Exercise requirements
Records follow. Print exactly the lines from the one that has "- Wash and wipe" through the one that has "This Pull Apart", inclusive, and omit the pictures.

Data records
++++++++++
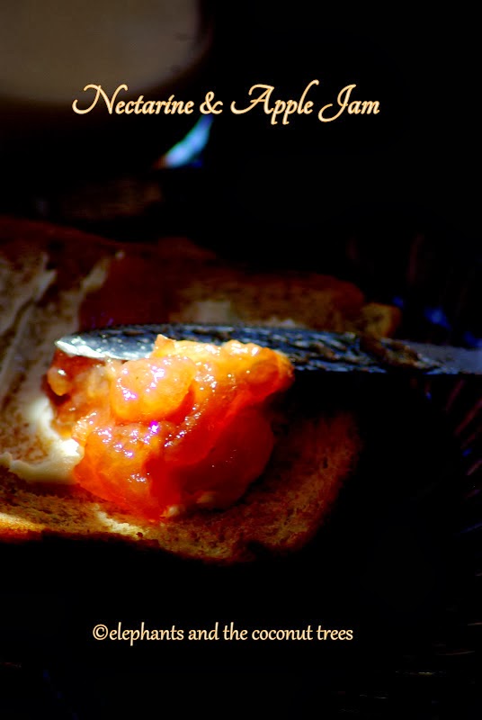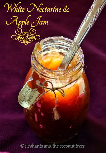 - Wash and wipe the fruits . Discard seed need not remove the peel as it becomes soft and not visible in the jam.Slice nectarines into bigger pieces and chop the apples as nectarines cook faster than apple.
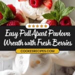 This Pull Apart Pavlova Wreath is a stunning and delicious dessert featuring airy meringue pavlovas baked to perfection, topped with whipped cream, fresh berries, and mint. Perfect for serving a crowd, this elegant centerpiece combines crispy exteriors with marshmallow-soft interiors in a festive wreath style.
++++++++++
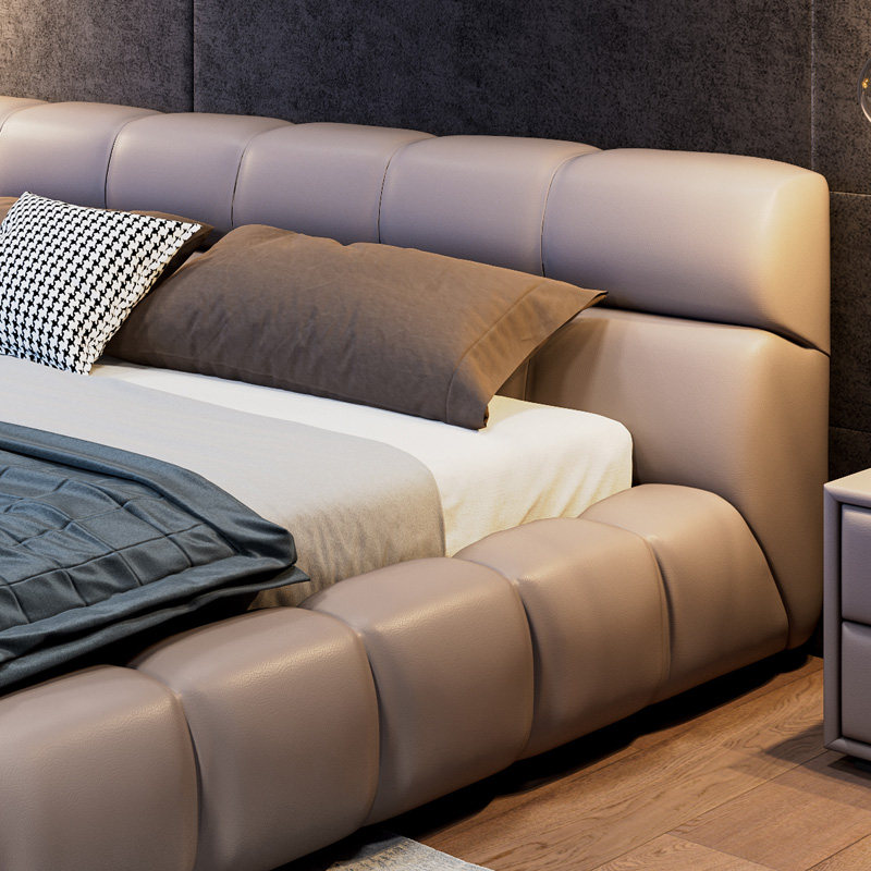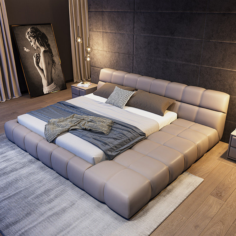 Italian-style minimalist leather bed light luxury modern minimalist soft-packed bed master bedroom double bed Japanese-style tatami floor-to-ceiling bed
++++++++++
Exercise solution
 - Wash and wipe the fruits . Discard seed need not remove the peel as it becomes soft and not visible in the jam.Slice nectarines into bigger pieces and chop the apples as nectarines cook faster than apple.
 This Pull Apart Pavlova Wreath is a stunning and delicious dessert featuring airy meringue pavlovas baked to perfection, topped with whipped cream, fresh berries, and mint. Perfect for serving a crowd, this elegant centerpiece combines crispy exteriors with marshmallow-soft interiors in a festive wreath style.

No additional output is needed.